*About this task*:
Print the listing below only from the line that has "قرارگیری مایکروفر در" through the line that has "Gambar 4. Grafik", exactly, and drop any picture.

----- Exercise materials -----

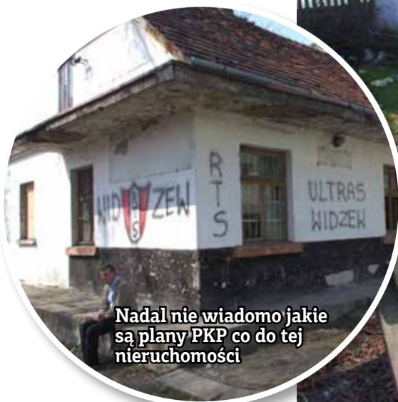
Nadal nie wiadomo jakie są plany PKP co do tej nieruchomości
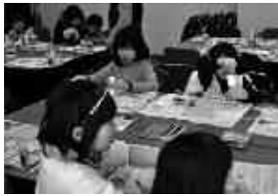
おたのしみこうさく会の様子
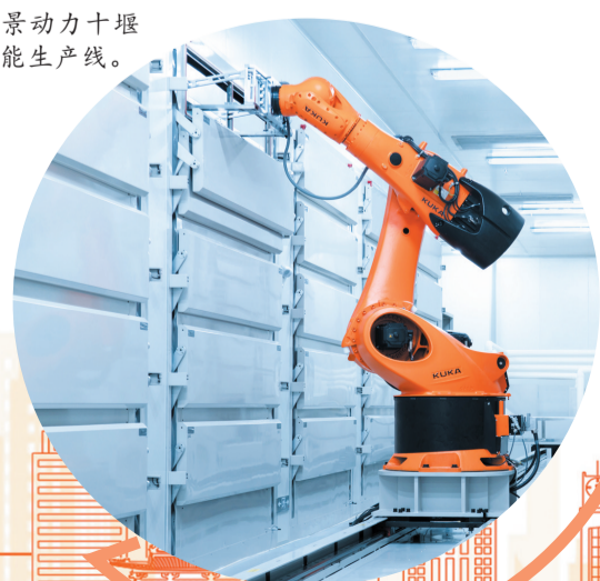
远景动力十堰基地智能生产线。
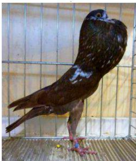
Champion BL 96 Tigré Rouge à Jules Devos Cage 912
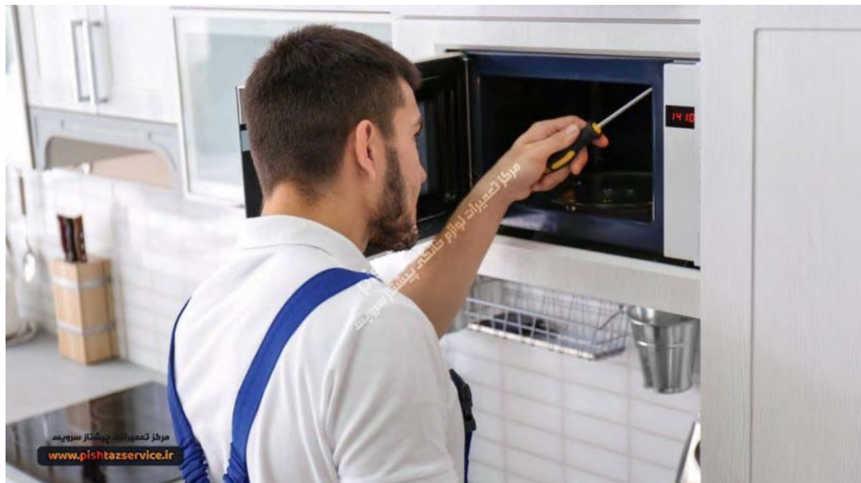
تعمیر مایکروفر در محل

قرارگیری مایکروفر در مجاورت اجاق گاز و یا نزدیک به شلنگ گاز از محل های بسیار پرخطر می باشد که در برخی از درخواست های تعمیر مایکروفر در محل مشتری درخواست تعویض بدنه مایکروفر را به علت سوختگی یا آب شدن دارد.
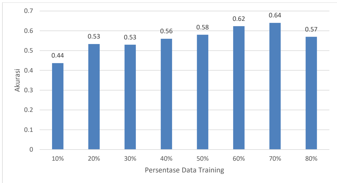
Gambar 4. Grafik nilai akurasi percentage-splitting

Pengujian perbandingan komposisi data training dan data testing ini dilakukan dengan menggunakan percentage-splitting untuk mengetahui pengaruh pada model yang dibuat oleh sistem klasifikasi. Pengujian ini dilakukan dengan menguji beberapa percentage-splitting dari data training dan data testing kemudian dibandingkan hasil dari masing-masing komposisi. Data yang ada dibagi menjadi 8 komposisi data training dan data testing , yaitu 20%-80%, 30%-70%, 40%-60%, 50%-50%, 60%-40%, 70%-30%, 80%-20%, dan 90%-10%. Pengujian percentage-splitting dilakukan pada data training berguna agar model yang didapatkan memiliki kemampuan dalam hal generalisasi untuk melakukan klasifikasi data. Hasil pengujian dapat dilihat pada gambar 4 :

-----

*Written answer*:
قرارگیری مایکروفر در مجاورت اجاق گاز و یا نزدیک به شلنگ گاز از محل های بسیار پرخطر می باشد که در برخی از درخواست های تعمیر مایکروفر در محل مشتری درخواست تعویض بدنه مایکروفر را به علت سوختگی یا آب شدن دارد.
Gambar 4. Grafik nilai akurasi percentage-splitting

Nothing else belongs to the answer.